Education, which comes from the Latin educo, "to lead out," is the light that guides our society across time. Human beings are only able to progress as a people because each generation chooses to teach the next about the triumphs and failures of those that have come before. Education allows people to build on past successes, right historic wrongs and explore entirely different worlds. It can cure the problems of racism, disease, poverty and war. By any measure, all individuals who have succeeded in life have in some way been taught by someone else. And only through a strong commitment to education can the youth of today become the knowledgeable leaders of tomorrow--leaders passionate for and inspired by all that life has to offer.

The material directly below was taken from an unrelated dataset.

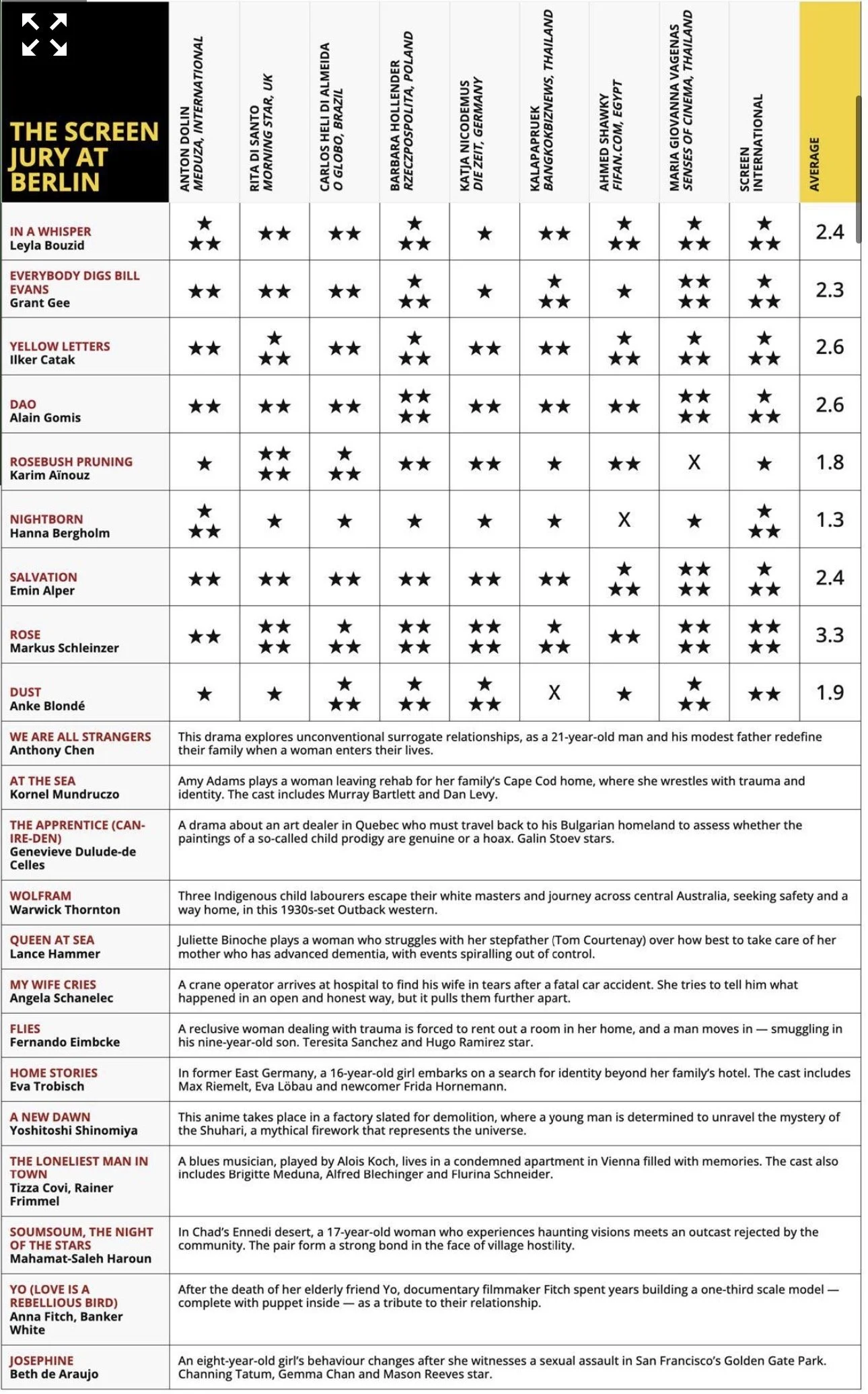 UPDATE: “Rose” is now way ahead on the 2026 Berlin jury grid, receiving an average of 3.3 from the critics.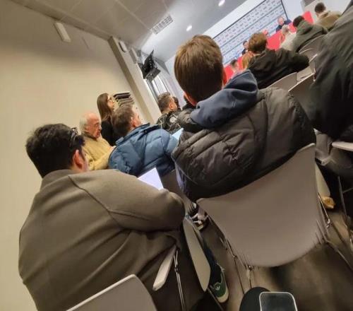 我不知道意甲是不是不允許記者拍視頻,還是記者們并不需要拍攝短視頻這種內(nèi)容。但是,我必須入鄉(xiāng)隨俗,選擇不拍攝視頻素材,僅匆匆拍下了法布雷加斯出席發(fā)布會(huì)的一張照片留作紀(jì)念。

For some time now, the educational light leading our nation has been in danger of being extinguished. Nearly 50 years after the landmark Supreme Court decision in Brown v. Board of Education, America remains a balkanized society. Brown affirmed the fact that "separate but equal" was an inherent contradiction, but despite the ruling, this contradiction persists in America. The statistics are uncannily familiar: Blacks and Latinos live in the least integrated neighborhoods and have the highest high school dropout rates. Whites and Asians--the groups living in the most integrated neighborhoods--achieve the highest education levels of any racial group.
This lack of commitment to educational equity in America fundamentally belies the egalitarian principles upon which this nation was founded, as well as the noble ideals for which Americans died to end institutionalized racism. In the year 2000, 60 percent of fourth-graders eligible for free or reduced lunch--a disproportionately black and Latino population--could not read at a basic level. Throughout elementary and secondary school, blacks score lower, overall, on mathematics and reading tests than whites. These educational disparities handicap students in all areas of life, leaving them powerless to finish a race that has been inherently unequal from the start.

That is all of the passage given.